En ce qui concerne le logement intermédiaire, la rédaction de l'ordonnance est en cours. Le projet de loi d'habilitation nous oblige à ce qu'elle soit signée avant le mois de mars. La concertation avec les différents partenaires commence et l'objectif est de procéder à la signature avant la fin de l'année. Comme vous l'avez noté, le logement intermédiaire, au-delà du cadre juridique dont nous allons désormais disposer, se verra affecter le cadre financier lui permettant de se déployer, notamment avec l'accès à la TVA intermédiaire au taux de 10 %. L'usage de la TVA à 5 % pour l'ensemble du logement social régi par le prêt social de location accession, dit PSLA, c'est-à-dire incluant l'accession sociale à la propriété, est un autre élément décisif de relance de la construction.

Sur la rénovation énergétique, vous le savez, des moyens importants sont consacrés au soutien à un plan très important de rénovation énergétique. Le logement collectif, notamment social, est concerné – avec des prêts à très bas consentis par la Caisse des dépôts et consignations pour l'écoper logement social, ce qui permettra d'engager un plan massif de rénovation thermique du logement social –, mais, au-delà, l'ensemble des ménages de notre pays a dès aujourd'hui accès à des dispositifs d'accompagnement et de financement simples et efficaces.

La question du tiers financement est toujours ouverte. Nous avons décidé, notamment par le vote d'un amendement dans le cadre de la loi pour l'accès au logement et un urbanisme rénové, d'accompagner les collectivités locales qui se sont déjà mises en situation d'apporter une réponse de ce type.
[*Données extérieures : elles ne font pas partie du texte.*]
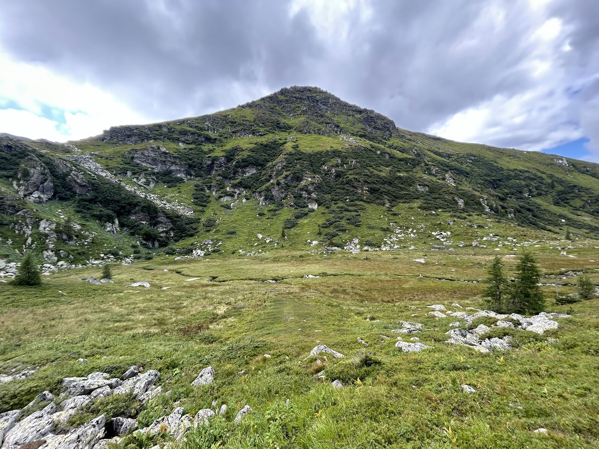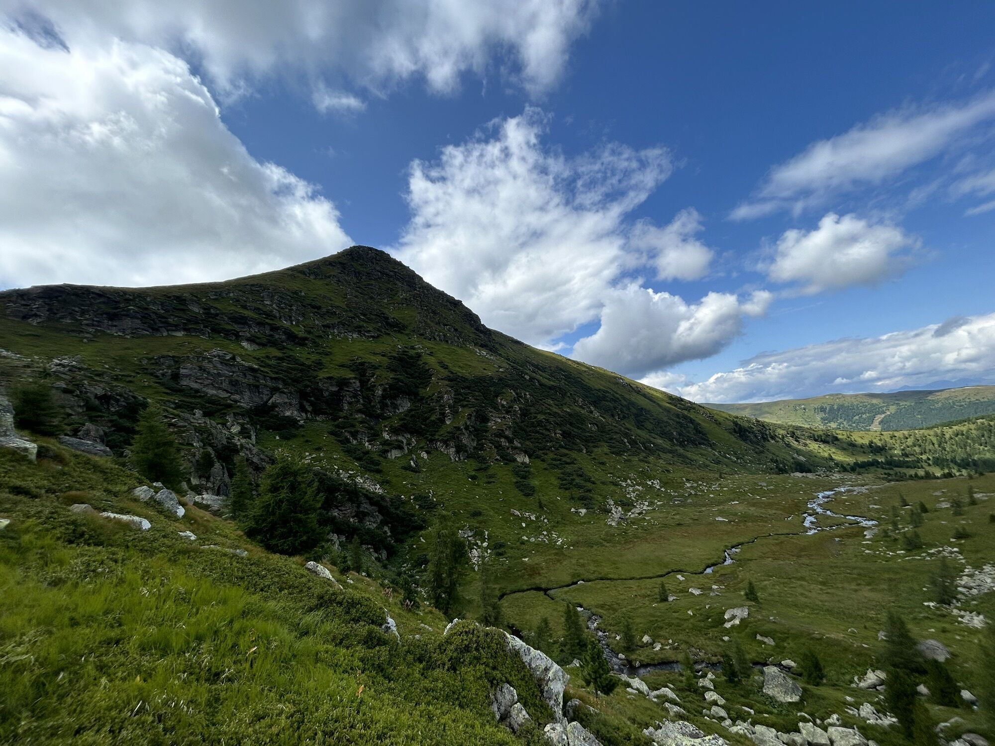 Wir starten beim großen Parkplatz unterhalb der Winterleitenhütte. Nach wenigen Höhenmetern bergauf kommen wir zum Naturfreundehaus Winterleiten (1782 m) und sehen unser Ziel, den Kreiskogel bereits vor uns. Wir halten uns links und folgen dem Steig rund um den See, der direkt zum Großen Winterleitensee (1840 m) führt. Der gut sichtbare Weg führt über den Bach, vorbei an einem kleinen Holzhaus und weiter entlang des Wanderweges 315a über den breiten Bergrücken bis zur Wegkreuzung Ochsenlacke. Wenig später erreichen wir den Gipfelbereich des Kreiskogels (2306 m). Den Abstieg wählen wir über den steileren Steig in Richtung Ochsenlacke und weiter gemütlich bergab entlang der Karböden zurück zum Ausgangspunkt.

Le travail de la Caisse des dépôts et consignations sera lui aussi extrêmement utile pour que, une fois passée la phase d'amorçage du plan de rénovation thermique, le dispositif gagne en efficacité. En effet, le tiers financement n'est pas encore pleinement efficace. On a vu dans d'autres pays européens – je pense en particulier à la Grande-Bretagne –, que certaines limites peuvent exister. Quoi qu'il en soit, c'est un enjeu décisif pour atteindre l'objectif, fixé par le Président de la République, d'une diminution par deux de notre consommation énergétique d'ici à 2050.

Je tiens enfin à souligner, comme le président Brottes, le lien qui existe entre le travail sur la loi pour l'accès au logement et un urbanisme rénové – laquelle vise à réformer en profondeur un certain nombre de mécanismes relatifs au logement et à l'urbanisme, tout en apportant une réponse à la situation d'urgence que connaît le secteur de la construction – et le plan visant à construire 500 000 logements par an que nous allons bientôt lancer avec l'ensemble de la profession. Depuis maintenant un an, un comité de pilotage se réunit tous les mois, sous ma présidence : avec l'ensemble des professionnels, nous travaillons sur tous les sujets qui, sans nécessiter forcément un travail législatif, supposent la mobilisation de tous.

À ce titre, la pause en matière normative annoncée par le Président de la République le 21 mars dernier est utile pour que nous travaillions sur un enjeu qui est lui aussi décisif et qui aura des conséquences, non seulement en matière de construction, mais aussi, d'une manière plus globale, sur le budget de l'État : la baisse des coûts de construction. Je rappelle que le lancement de la construction d'un logement équivaut à deux emplois. Nous sommes, à cet égard, dans une situation différente d'autres pays européens et nous pouvons avancer dans ce domaine. Si nous parvenons tous, collectivement, à nous mobiliser sur ce sujet, un meilleur usage sera fait de l'argent consacré à la construction de logements sociaux. En effet, en diminuant le coût de construction, nous arriverons, avec le même budget, à construire davantage de logements.

Telles sont, en résumé, les ambitions du Gouvernement, qui sont très fortes en matière de logement et s'accompagnent d'un travail sur les structures. Comme l'a indiqué M. Baert, le rapprochement entre l'ACSé et le SG-CIV précède le travail sur le Commissariat général à l'égalité des territoires, qui a vocation à aborder de manière globale ces différentes politiques. François Lamy vous répondra de façon plus détaillée, au-delà des aspects législatifs, sur les moyens que nous accordons à la politique de la ville dans le cadre du projet de loi de finances pour 2014.